Culture

A Son’s Note from Prison: “Your Love Is a Verb”


Anita Williams says that her son Carey never forgets her birthday or Mother’s Day. So, on a May Sunday, she keeps her phone close. A card from Carey had arrived that day; inside it was a note addressed to “Dear Wise Matriarch.” Williams reads it aloud:

What God has intended for our mothers to embody, you have personified. I’m humbled by your examples of leadership, time after time. Your energy is a wellspring of endeavors to be carried to their accomplishments for the benefit of we who are in compromising conditions. I can attest firsthand that you have demonstrated how a love that is truly unconditional translates in this physical world. Your love is a verb. How precious you are. Thank you, profoundly, for the many lessons you have and do teach.

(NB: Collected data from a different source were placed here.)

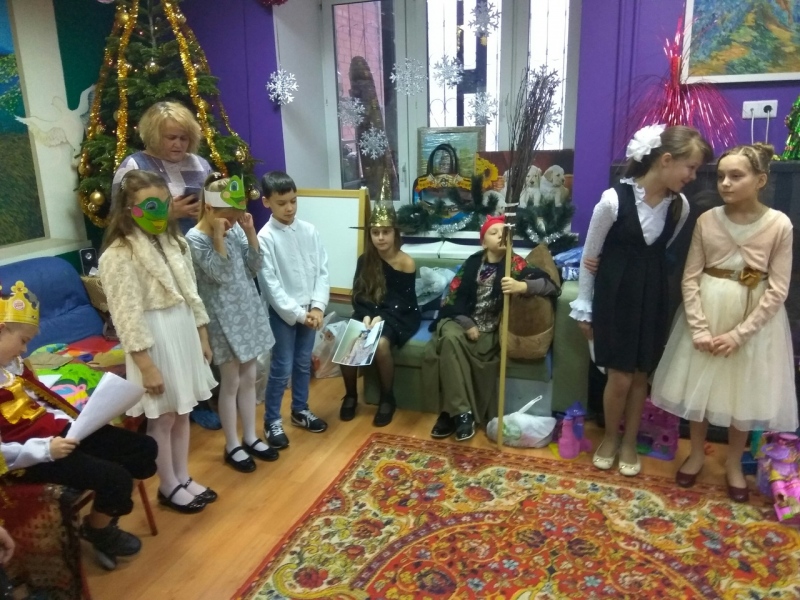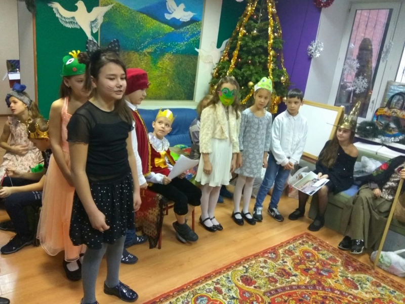 Дети из «Дома Милосердия» благодарят учеников и учителей за то, что приехали в гости и показали сказку про Царевну Лягушку! После представления всем деткам подарили подарки.
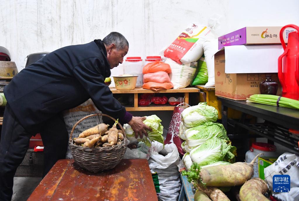 在山西省汾西县僧念镇段村,脱贫户蔡文明在家中整理蔬菜(1月26日摄)。
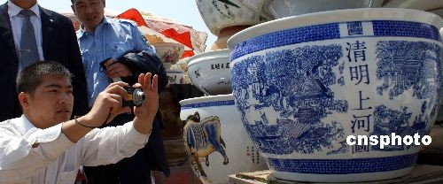 近日,一只青花瓷《清明上河图》花盆亮相江苏省苏州市一家陶瓷精品店。据悉该花盆由景德镇一名艺人,按原图1:1比例手工制作而成。 中新社发 李俊锋 摄
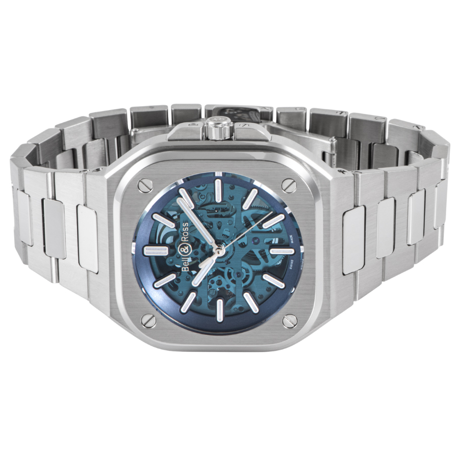 最大の魅力は、深いブルーのガラスを通して見えるスケルトン文字盤です。
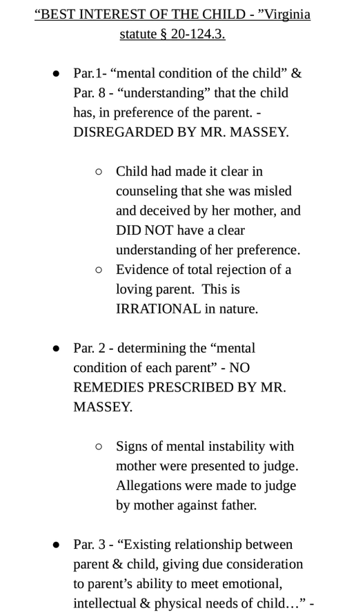 - The FAMILY LAW CODE of Virginia, specifically the "BEST INTEREST" list for consideration of custody, should include 'THE PEOPLE THAT A PARENT BRINGS AROUND THE CHILD'. There should be a list of qualities to consider, including - the length of time the parent has known the person, other 'similar' people brought around the children, character of the person, the way of meeting the person, amount of time that person is around the children, etc...

By the time she’s finished reading, Williams is beaming. Hers is a familiar glow—the happy glint of someone who’s just received genuine praise. Not some clever greeting-card lines that fit snugly into the gap between emotion and expression, or a plain statement uttered so rarely that its force derives from its infrequency, but praise that is born of reflection: Mother, you’re special, and this is why. She says, “That’s from my son, who’s in prison.” This moment, captured in Ellie Wen’s short documentary “On Mother’s Day,” gives viewers a peek into the life of Williams as a mother and activist.

In 2018, when she was an M.F.A. student at Stanford, Wen learned of Mama’s Day Bail Out, an annual campaign organized by the National Bail Out Collective, which focusses on pretrial-detention reform. The collective connected her to the Justice Group, a nonprofit in Oakland, California, that supports people with incarcerated loved ones. And it was through the Justice Group that she met Williams.

Carey was convicted, in 2003, for second-degree murder, among other charges. He was sentenced to sixty-six years to life—as Williams recounts in the documentary, “that meant that I would never have seen my son as a free man.” Immediately afterward, Williams began advocating for Carey. (She denies the charge, and her work revolves around his innocence.) She “really hit the streets” with new urgency in 2011, after her grandson—Carey’s child—was killed. “Carey’s son was murdered, and he couldn’t go to the funeral,” Williams says.

In a scene outside the Alameda County Courthouse, Williams wears a T-shirt with “Free Black Mamas” written on it, and another supporter holds a placard that says “ENDMONEYBAIL.” The cash-bail system is disproportionately harsh on communities of color. According to the Brennan Center for Justice, Black and Latino men are assessed higher bails than white men, and an inability to post bail not only means that they are held in pretrial detention for an extended period but also that they are four times more likely to be sentenced to prison and that they hurry to make plea deals. On the steps of the courthouse, as she reads from written remarks, Williams says, in an even and firm tone, “I am angry.”

Williams shares other emotions about her son’s circumstances, as well. “At first, it was a lot of shame. Like you failed as a mother,” she reflects, as she is seen sitting in front of her laptop at home, her back to the camera, facing a window. Then there are the daily reminders of her son’s absence: when Carey was a free man, the rest of the family used to visit Williams on the weekends, birthdays, and holidays. Carey always manned the barbecue. “And after he was gone,” Williams says, holding back tears, “it seemed like everybody stopped coming.”

When Carey calls from prison, he talks of an education program he’s in—“It’s so beautiful”—and brags about how good-looking he is. Hearty laughs are interrupted by an automated time reminder, and mother and son say their goodbyes. The respite is cut short by the vicissitudes of the criminal-justice apparatus, which is as much a commercial venture as it is a law-enforcement component. Then there’s Mother’s Day, with its attendant helium balloons, spring bouquets, brunch specials, and widespread exhortations to make sure that our mothers—and friends and strangers on social media—know how precious the relationship is. Williams is baffled by how “having mass incarceration, having private prisons to break up families,” could fit in the American narrative that seems to celebrate maternal bonds by bestowing flagship status upon the holiday. “What the fuck do I want to celebrate it for?”